There seems to be an issue with the length in the first error, it seems quite large...

And deleting this line as well gives me this error (I think this is an expected one):

[...]
--finished--
Could not close file 32573
Aborted (core dumped)


And so we're clear Ubuntu 20.04 on real linux, not WSL?

Yes, host is Ubuntu 22.04

hieuhoang commented 1 year ago

what is the underlying filesystem? kenlm needs to memory map the file which is not be supported by some fs. You may need to move the file to the temp directory before opening it

DanBmh commented 1 year ago

The host has ext4 and docker is using it's default one.

hieuhoang commented 1 year ago

the only other thing i can think of is that the server doesn't have enough mem and doesn't allow mmap to virutal mem https://bobcares.com/blog/mmap-failed-cannot-allocate-memory/

Hieu Hoang https://hieuhoang.github.io/

On Wed, 31 May 2023 at 12:11, DanBmh @.***> wrote:

The host has ext4 and docker is using it's default one.

— Reply to this email directly, view it on GitHub https://github.com/kpu/kenlm/issues/430#issuecomment-1570784356, or unsubscribe https://github.com/notifications/unsubscribe-auth/AAFI4FD27NXKE5PF7HJSLZDXI6JWJANCNFSM6AAAAAAYGOI5UY . You are receiving this because you commented.Message ID: @.***>

kpu commented 1 year ago

It's got corrupt values in scoped_mmap. This doesn't seem to be an OS issue. Unless something weird with that is causing the corrupt value. Need to understand how those values came to be there. Stack trace?

kpu commented 1 year ago

And there really shouldn't be a file number 32573. This all sounds like memory corruption.

DanBmh commented 1 year ago

@hieuhoang memory amount shouldn't be the issue, I'm using the example arpa file with a size of 3KB

@kpu can you replicate the issue on your own computer?


Need to understand how those values came to be there. Stack trace?

How do I activate it?

kpu commented 1 year ago

Default KENLM_MAX_ORDER is 6 and you've compiled cmake with the default. But your program is compiled with -DKENLM_MAX_ORDER=5.

DanBmh commented 1 year ago

Thanks for your help, with -DKENLM_MAX_ORDER=6 it's working.

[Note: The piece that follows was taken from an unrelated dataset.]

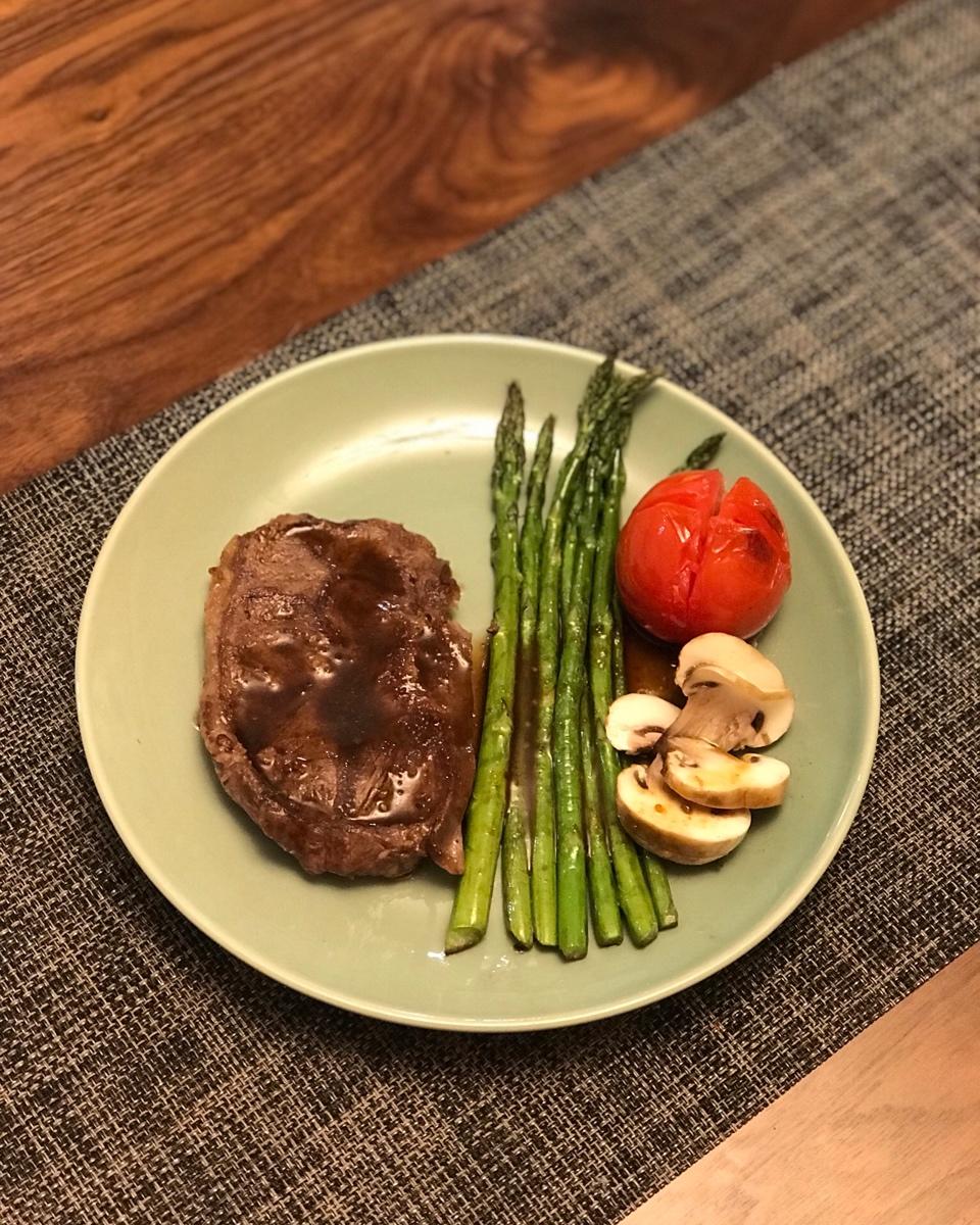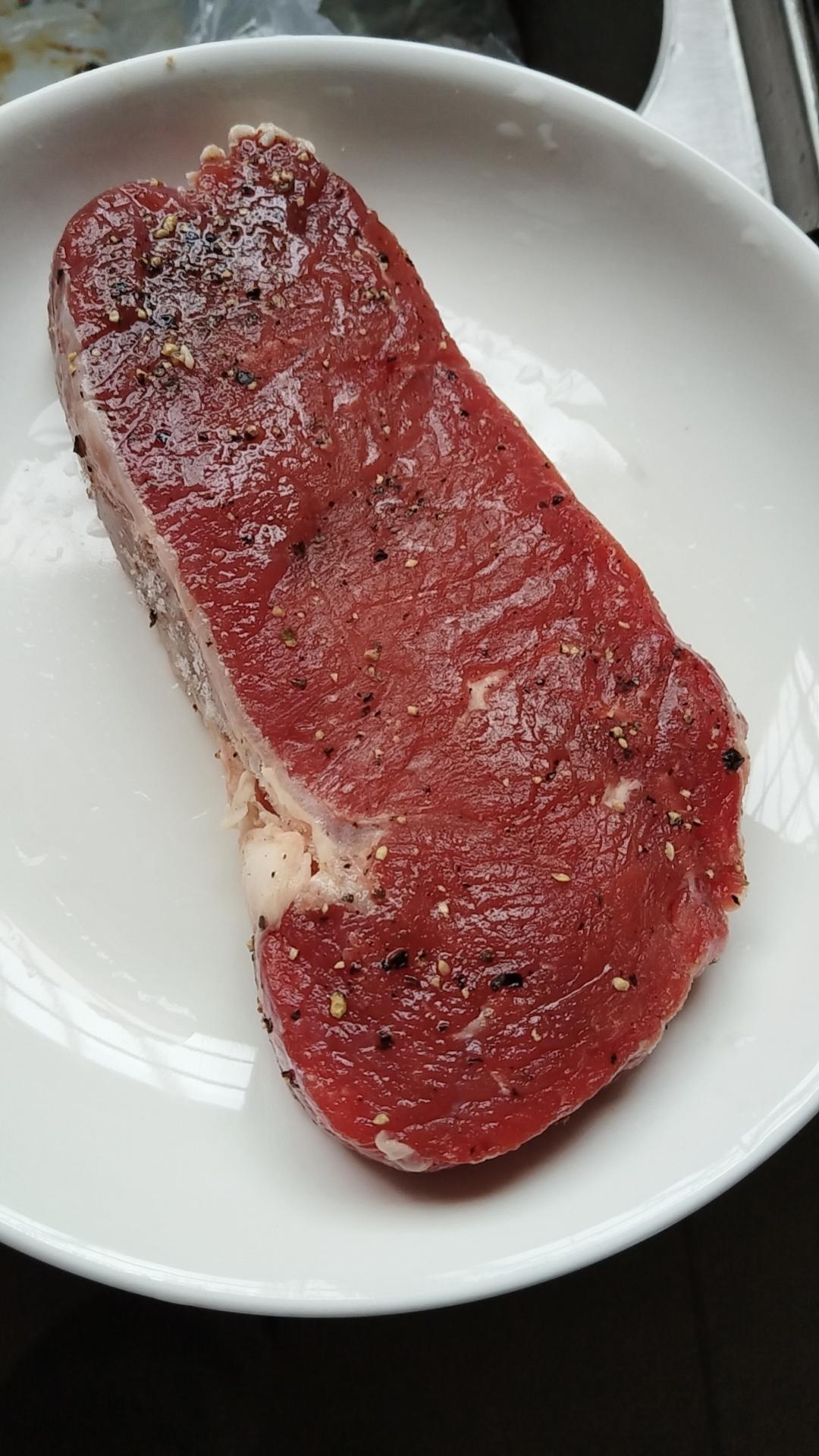 原料普通牛里脊+海盐黑胡椒=就是餐厅的牛排🥩。选对材料很重要,不用花那么多钱去买安什么,雪花什么的
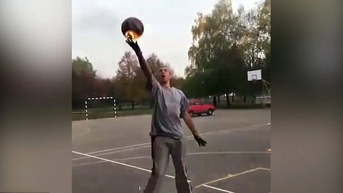 رکنا: بسکتبالیست خیابانی حرفه ای با توپ آتشین دست به حرکات نمایشی زد و فیلم آنرا در صفحه خود با علاقه مندان و هواداران اش به اشتراک گذاشت.

DanBmh commented 1 year ago

Now it's also matching the scores from the python example (which would have been my next question otherwise) , the new scores are:

language -2.41061
modeling -15
is -23.6879
fun -2.29666
</s> -21.0295
--finished--


I'm not an expert in this, but shouldn't the scores be the same for the same arpa file, or is this just a side-effect from the wrong _MAXORDER size?

kpu commented 1 year ago

You had random memory corruption due to the structs not having the same definition in the compiled library and executable. All bets are off.